Illustration of a friendly statistician.

      The examples are taken mainly from studies in nutrition and dietetics. The aim is to provide material relevant to the reader’s working life, be they students, researchers, tutors, or practicing nutrition scientists or dietitians.

      Learning Objectives

      After studying this chapter you should be able to:

       Describe the process called the scientific method: the way scientists plan, design, and carry out research

       Define different types of logic, hypotheses, and research designs

       Know the principles of presenting data and reporting the results of scientific research

       What can I know?

       —Immanuel Kant, philosopher

      The need to know things is essential to our being in the world. Without learning we die. At the very least, we must learn how to find food and keep ourselves warm. Most people, of course, are interested in more than these basics, in developing lives which could be described as fulfilling. We endeavour to learn how to develop relationships, earn a livelihood, cope with illness, write poetry (most of it pretty terrible), and make sense of our existence. At the core of these endeavours is the belief that somewhere there is the ‘truth’ about how things ‘really’ are.

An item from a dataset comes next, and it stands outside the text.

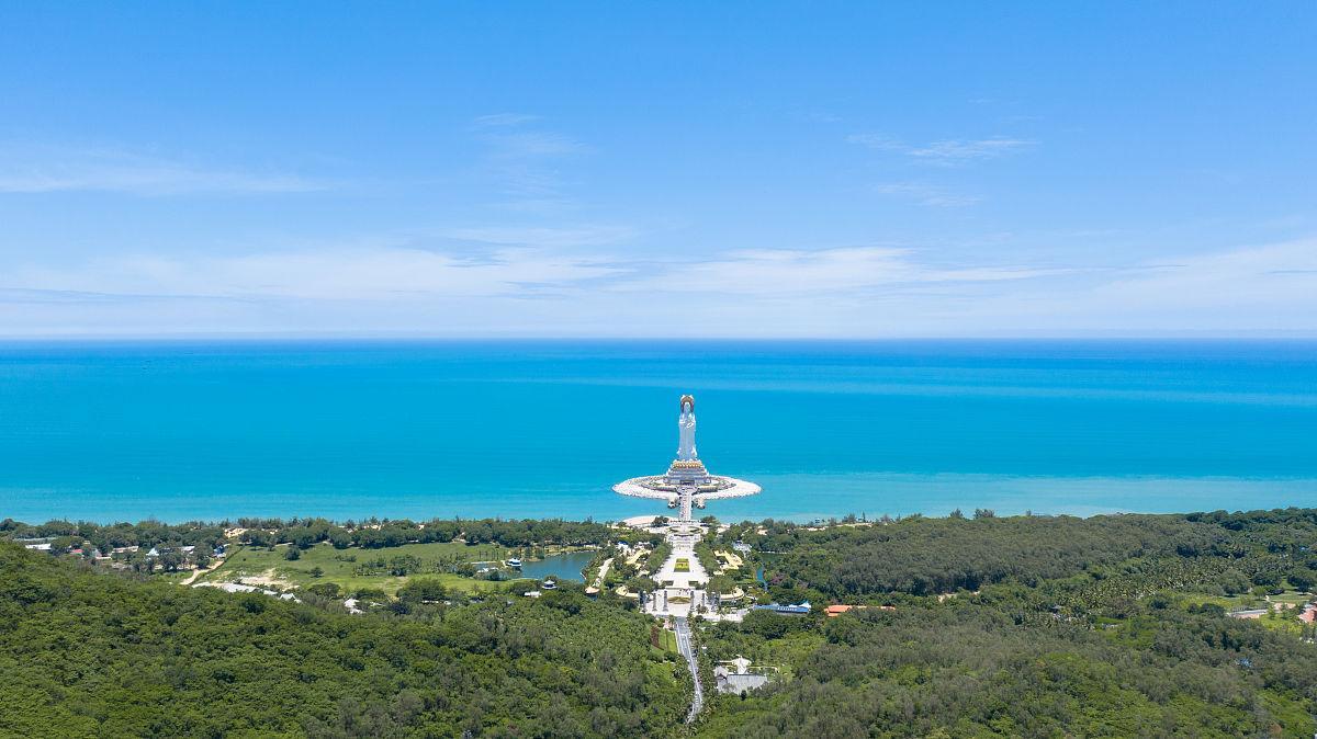 三亞南海觀音,位於距三亞市西南40公里的南山文化旅遊區,三亞南山海上觀音高108米,一體化三尊”,分爲東、西、北三面像,觀音聖像手持經篋,象徵智慧;東面像手持蓮花,象徵和平;西面像手持佛珠,象徵慈悲,是目前全國最大海上觀音造像。

      Much of the seeking after truth is based on feelings and intuition. We may ‘believe’ that all politicians are corrupt (based on one lot of evidence), and at the same time believe that people are inherently good (based on a different lot of evidence). Underlying these beliefs is a tacit conviction that there is truth in what we believe, even though all of our observations are not consistent. There are useful expressions like: ‘It is the exception that proves the rule’ to help us cope with observations that do not fit neatly into our belief systems. But fundamentally, we want to be able to ‘prove’ that what we believe is correct (i.e. true), and we busy ourselves collecting examples that support our point of view.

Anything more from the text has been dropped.